2.

[679] Wer hat bedacht, daß bis zu ihrem Kommen

der viele Himmel unvollständig war?

Der Auferstandne hatte Platz genommen,[679]

doch neben ihm, durch vierundzwanzig Jahr,

war leer der Sitz. Und sie begannen schon

sich an die reine Lücke zu gewöhnen,

die wie verheilt war, denn mit seinem schönen

Hinüberscheinen füllte sie der Sohn.


So ging auch sie, die in die Himmel trat,

nicht auf ihn zu, so sehr es sie verlangte;

dort war kein Platz, nur Er war dort und prangte

mit einer Strahlung, die ihr wehe tat.

Doch da sie jetzt, die rührende Gestalt,

sich zu den neuen Seligen gesellte

und unauffällig, licht zu licht, sich stellte,

da brach aus ihrem Sein ein Hinterhalt

von solchem Glanz, daß der von ihr erhellte

Engel geblendet aufschrie: Wer ist die?

Ein Staunen war.
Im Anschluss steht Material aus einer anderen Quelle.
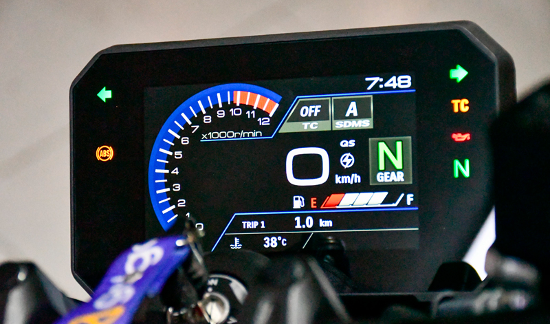 Vive la mejor experiencia de conducción. El panel de instrumentos multifunción TFT LCD a color de 5 pulgadas personalizado de la GSX-8S para una mejor visibilidad de información. No solo te mantiene al tanto de todos los sistemas y configuraciones de la moto, sino que también proporciona notificaciones sobre el estado operativo en tiempo real. El aspecto es de alta calidad y se presenta en Modo Día y Modo Noche para mejor visibilidad. Concéntrate en el camino y maximiza la facilidad y eficiencia de operación con los Controles Intuitivos en el Manillar. Simplemente opera los interruptores MODE y UP/DOWN en el mando izquierdo y experimenta una gran sensación de conducción.

Dann sahn sie alle, wie

Gott-Vater oben unsern Herrn verhielt,

so daß, von milder Dämmerung umspielt,

die leere Stelle wie ein wenig Leid

sich zeigte, eine Spur von Einsamkeit,

wie etwas, was er noch ertrug, ein Rest

irdischer Zeit, ein trockenes Gebrest –.

Man sah nach ihr; sie schaute ängstlich hin,

weit vorgeneigt, als fühlte sie: ich bin

sein längster Schmerz –: und stürzte plötzlich vor.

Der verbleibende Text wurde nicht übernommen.